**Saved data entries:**

.....

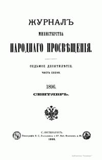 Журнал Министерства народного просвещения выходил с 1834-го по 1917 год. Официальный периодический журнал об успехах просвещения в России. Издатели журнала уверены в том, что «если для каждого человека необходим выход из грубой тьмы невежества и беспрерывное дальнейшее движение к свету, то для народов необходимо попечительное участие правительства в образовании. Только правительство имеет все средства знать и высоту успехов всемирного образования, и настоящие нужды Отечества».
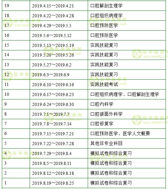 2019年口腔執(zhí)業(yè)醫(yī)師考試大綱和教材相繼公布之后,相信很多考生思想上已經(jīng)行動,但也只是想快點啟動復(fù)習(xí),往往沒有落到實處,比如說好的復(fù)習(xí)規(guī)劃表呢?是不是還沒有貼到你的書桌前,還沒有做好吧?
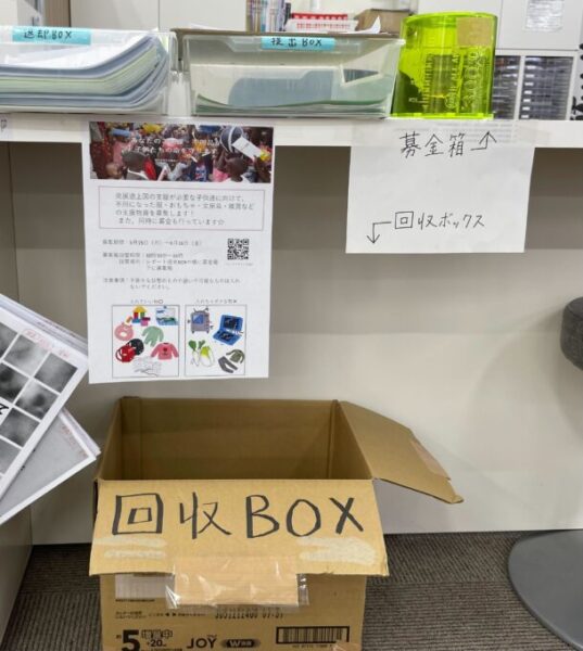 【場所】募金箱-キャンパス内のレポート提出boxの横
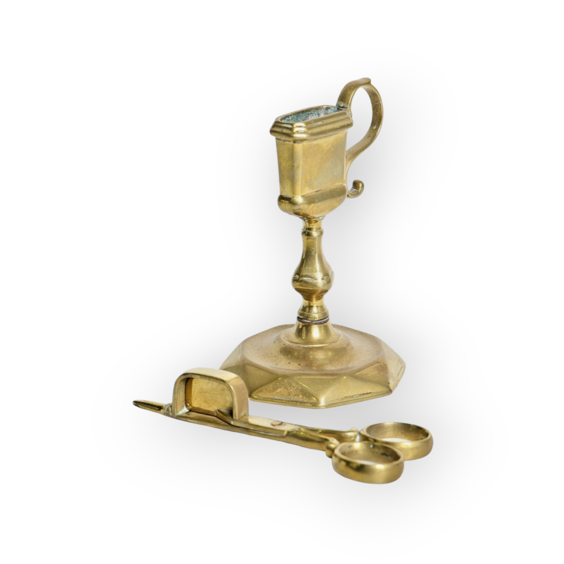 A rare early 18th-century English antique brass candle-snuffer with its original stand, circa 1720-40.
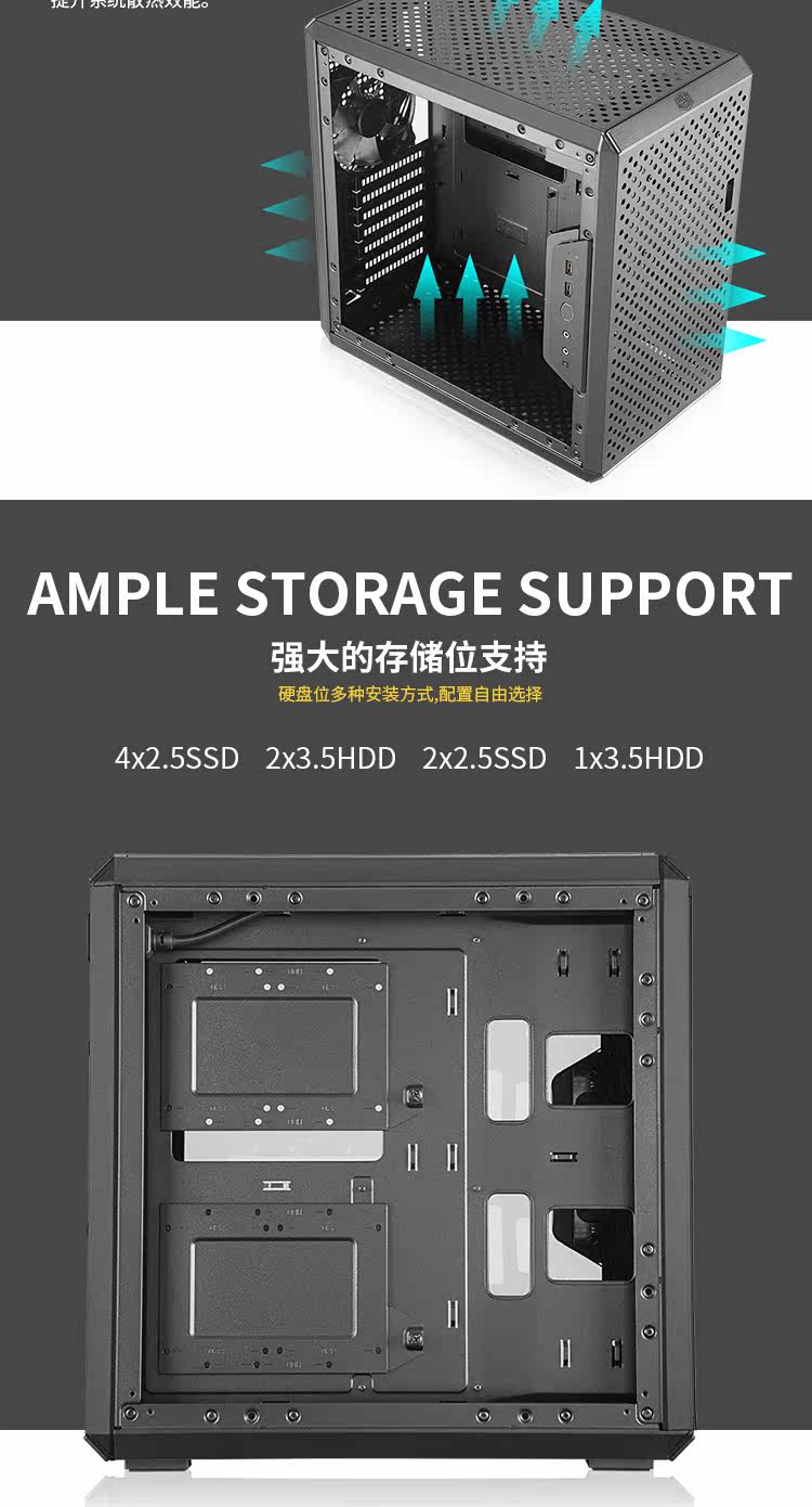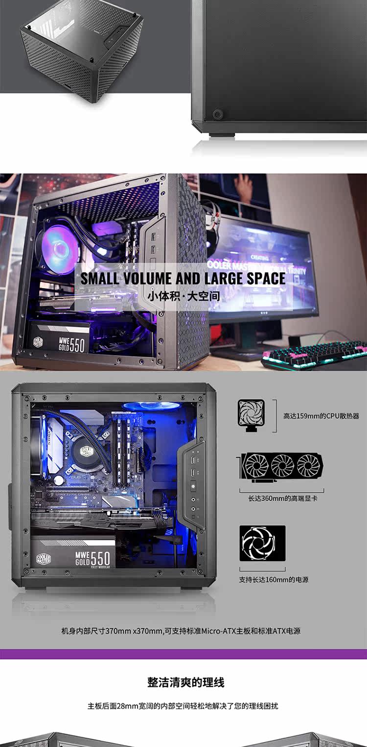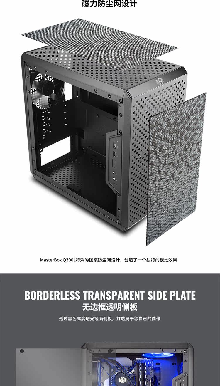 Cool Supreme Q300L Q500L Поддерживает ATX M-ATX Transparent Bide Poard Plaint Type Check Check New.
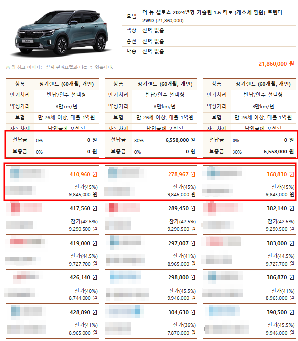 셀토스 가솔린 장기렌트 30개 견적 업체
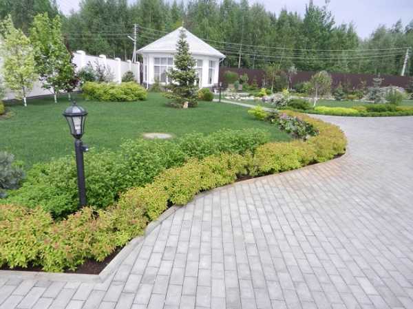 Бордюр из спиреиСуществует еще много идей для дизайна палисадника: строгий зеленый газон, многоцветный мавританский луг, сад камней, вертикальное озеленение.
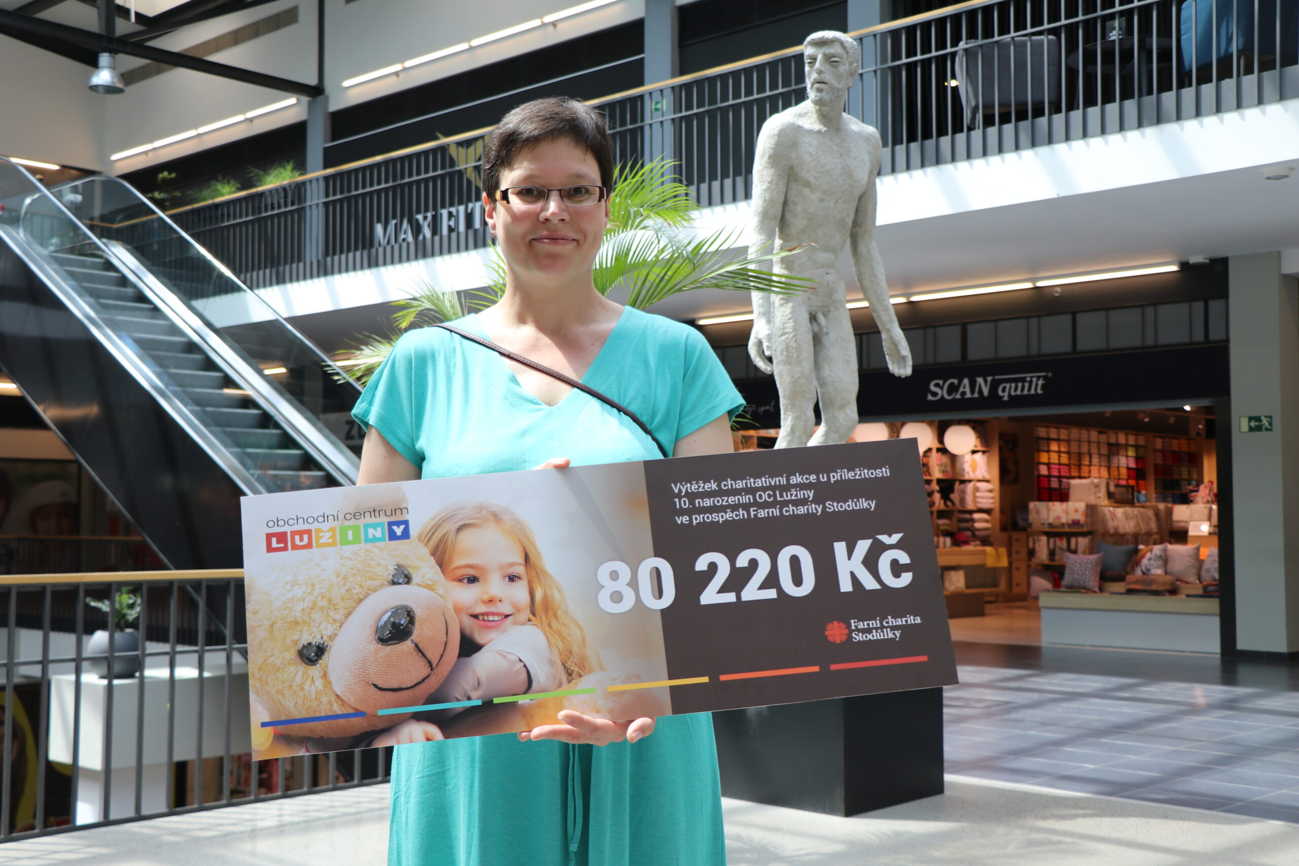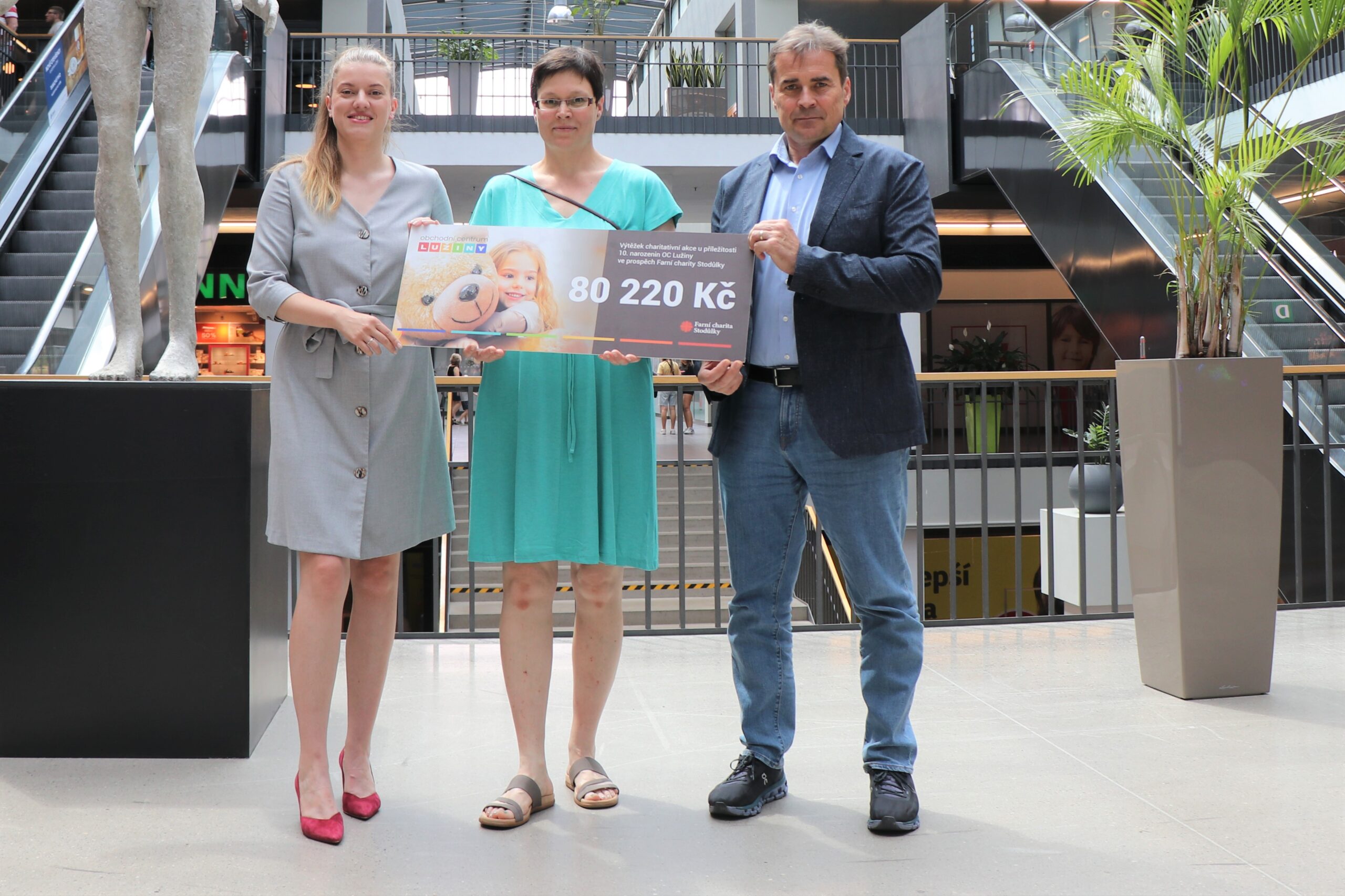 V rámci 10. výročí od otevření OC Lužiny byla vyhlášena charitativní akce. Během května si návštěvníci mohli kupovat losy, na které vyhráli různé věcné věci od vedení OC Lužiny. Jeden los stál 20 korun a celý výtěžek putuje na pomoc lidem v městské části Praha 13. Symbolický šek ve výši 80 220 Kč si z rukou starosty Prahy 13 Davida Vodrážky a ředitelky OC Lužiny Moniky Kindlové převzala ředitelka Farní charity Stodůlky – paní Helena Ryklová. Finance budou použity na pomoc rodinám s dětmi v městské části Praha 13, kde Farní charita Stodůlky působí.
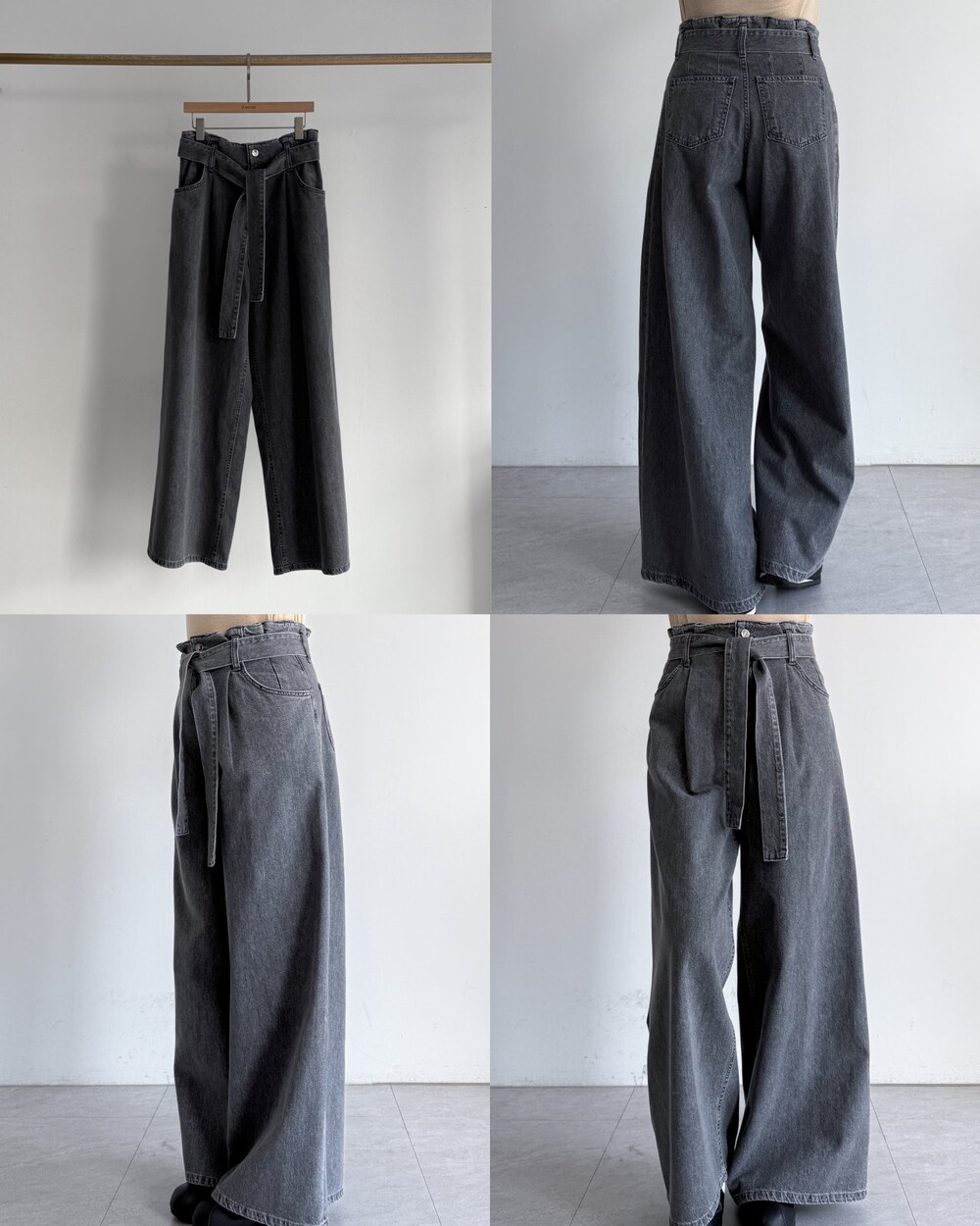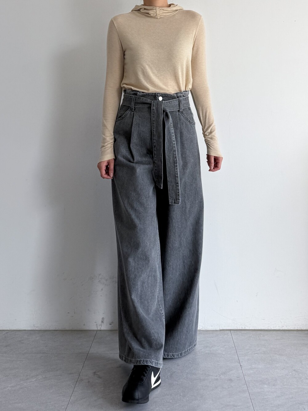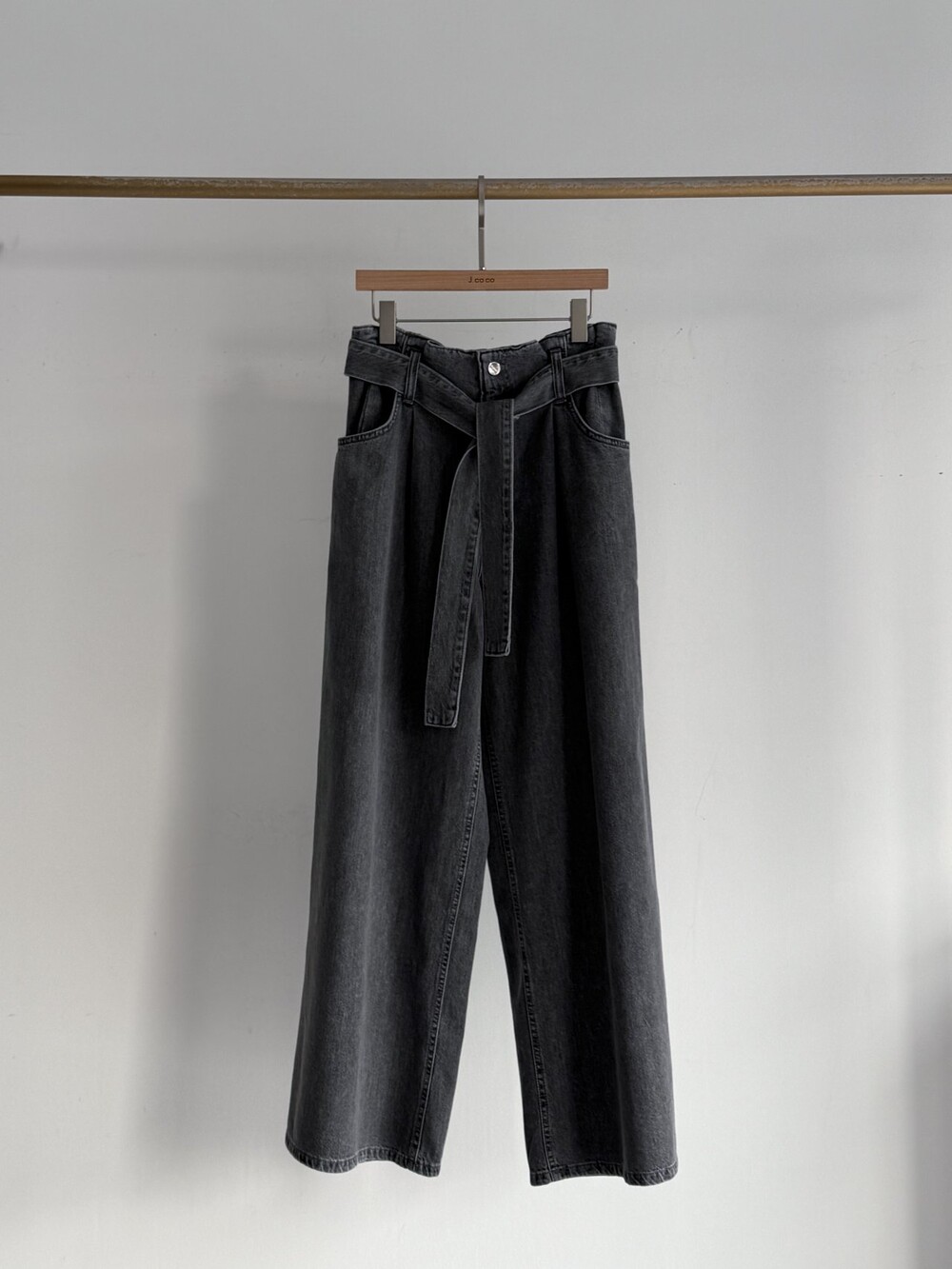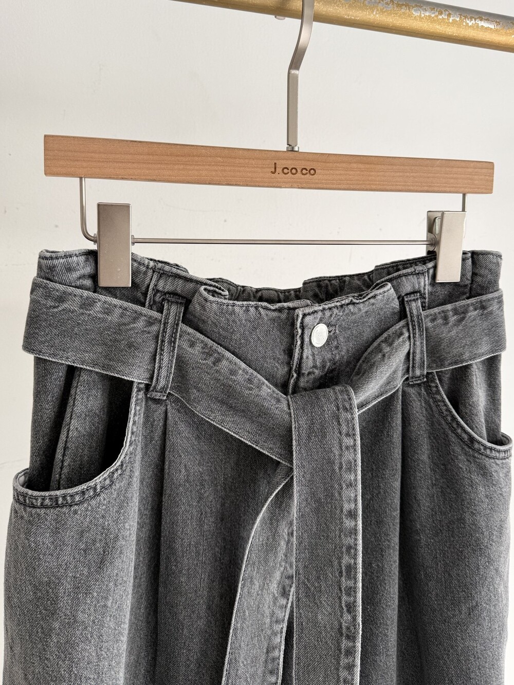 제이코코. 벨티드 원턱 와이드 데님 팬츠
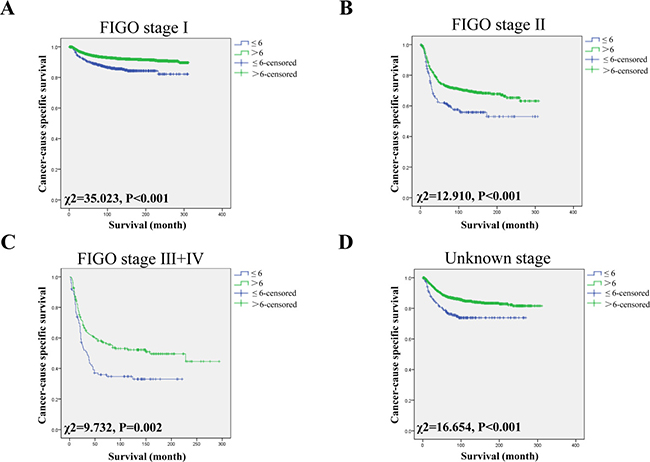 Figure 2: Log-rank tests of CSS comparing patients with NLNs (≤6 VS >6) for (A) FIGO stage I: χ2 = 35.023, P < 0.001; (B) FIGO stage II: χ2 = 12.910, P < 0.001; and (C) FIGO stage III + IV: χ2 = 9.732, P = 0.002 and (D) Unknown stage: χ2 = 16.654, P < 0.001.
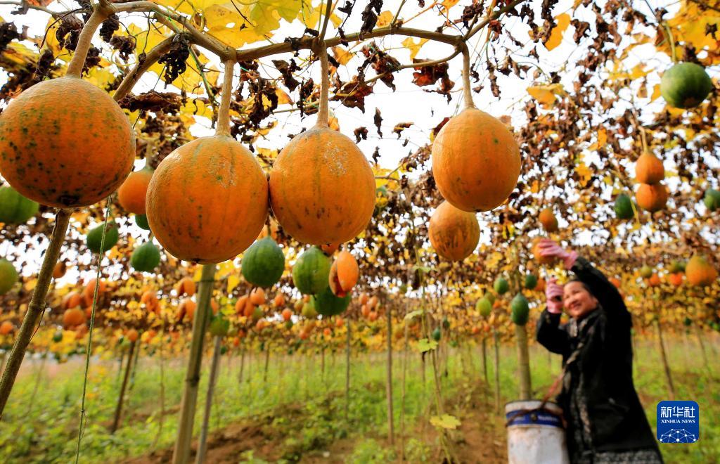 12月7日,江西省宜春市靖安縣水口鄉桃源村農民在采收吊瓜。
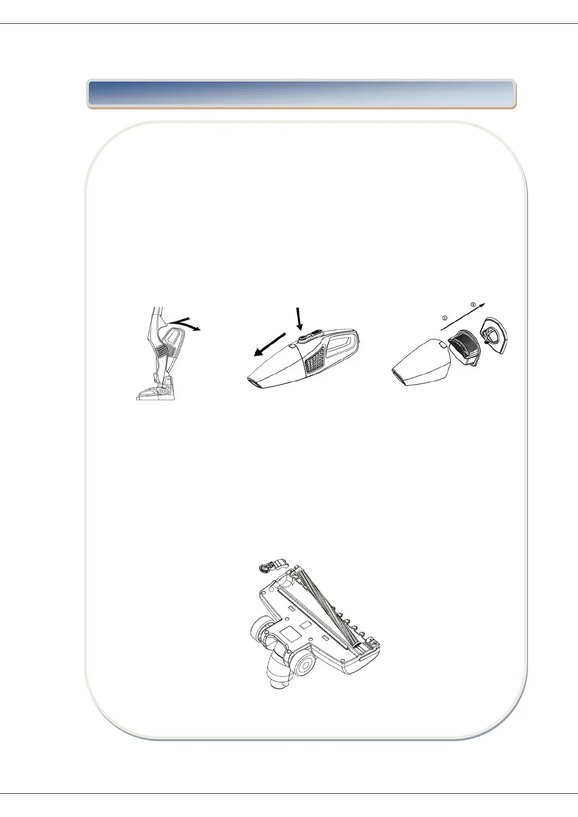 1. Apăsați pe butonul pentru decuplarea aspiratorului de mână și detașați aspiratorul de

.....

**TASK OBJECTIVE:** Restate word for word the lines starting at the one that contains "Cool Supreme Q300L" and ending at the last line of the data. Skip every picture.

**REPLY:**
 Cool Supreme Q300L Q500L Поддерживает ATX M-ATX Transparent Bide Poard Plaint Type Check Check New.
 셀토스 가솔린 장기렌트 30개 견적 업체
 Бордюр из спиреиСуществует еще много идей для дизайна палисадника: строгий зеленый газон, многоцветный мавританский луг, сад камней, вертикальное озеленение.
 V rámci 10. výročí od otevření OC Lužiny byla vyhlášena charitativní akce. Během května si návštěvníci mohli kupovat losy, na které vyhráli různé věcné věci od vedení OC Lužiny. Jeden los stál 20 korun a celý výtěžek putuje na pomoc lidem v městské části Praha 13. Symbolický šek ve výši 80 220 Kč si z rukou starosty Prahy 13 Davida Vodrážky a ředitelky OC Lužiny Moniky Kindlové převzala ředitelka Farní charity Stodůlky – paní Helena Ryklová. Finance budou použity na pomoc rodinám s dětmi v městské části Praha 13, kde Farní charita Stodůlky působí.
 제이코코. 벨티드 원턱 와이드 데님 팬츠
 Figure 2: Log-rank tests of CSS comparing patients with NLNs (≤6 VS >6) for (A) FIGO stage I: χ2 = 35.023, P < 0.001; (B) FIGO stage II: χ2 = 12.910, P < 0.001; and (C) FIGO stage III + IV: χ2 = 9.732, P = 0.002 and (D) Unknown stage: χ2 = 16.654, P < 0.001.
 12月7日,江西省宜春市靖安縣水口鄉桃源村農民在采收吊瓜。
 1. Apăsați pe butonul pentru decuplarea aspiratorului de mână și detașați aspiratorul de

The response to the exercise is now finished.